Companies now understand that their office portfolio needs to be a mix — a headquarters, maybe downtown or maybe not, but also satellite offices and flexible office space, UpFlex co-founder and Chief Product Officer Ginger Dhaliwal said.

"We're all working from home, and we know the challenges, and sometimes you need to escape to flexible space for a few hours during the day," she said. "Those are new considerations that our corporate clients are looking at — giving employees choices based on how they want to work. I think that's a trend that's going to live past COVID.

"We also hear that employees are scared to go back to high-density office spaces," Dhaliwal said. "Having flexible options is what they're looking for now. Suburbs are the perfect place for that because they're close to where people live already.
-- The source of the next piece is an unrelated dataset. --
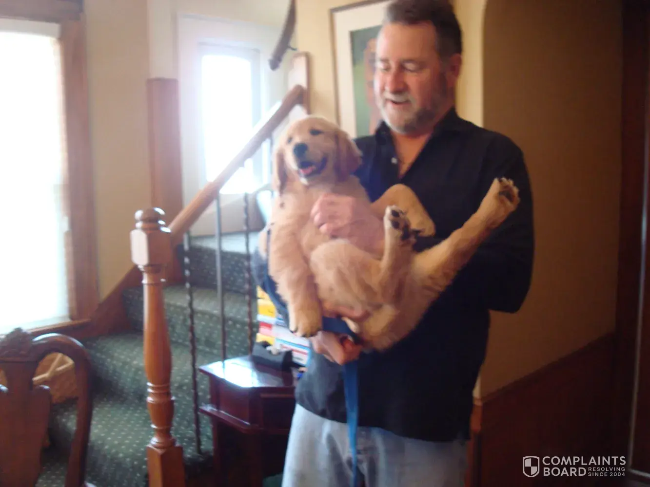 golden retriever from him. we purchased her on Monday and by Tuesday she was having diaheria and not eating, she got worse, by Friday she was not eating or drinking at all. We kept in contact with him and he said she probably ate a plant that made her sick. I fed her rice and chicken and pedilite in a syringe per his instructions. We had 2 other golden retrievers and never had any problems. After four years we gave in to our daughter and bought her a dog because she had no animals stories like her brother and sister, her story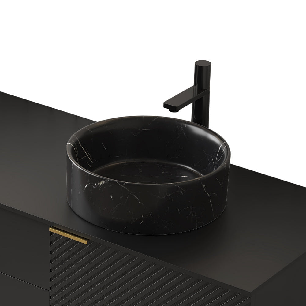 14 Inch Bathroom Sink Round Ceramic Basin Stone Pattern No Faucet No Cabinet Matte Black

People can work from home, or headquarters, or satellite flex space."

For the first month or so of the pandemic, there was no demand for any kind of space, but now tenants are re-emerging, resuming their deliberations about what kind of space they need and where, Murphy said.

"We signed four leases in the last 120 days," he said. "None of them started during COVID. All of them were in some process before, but they went forward without renegotiation.

"Suburban tenants seem to be back," Murphy said. "Our view is that demand is only going to go up in the suburbs over the coming months. In almost every conversation with tenants, they all believe they're more productive under the same roof."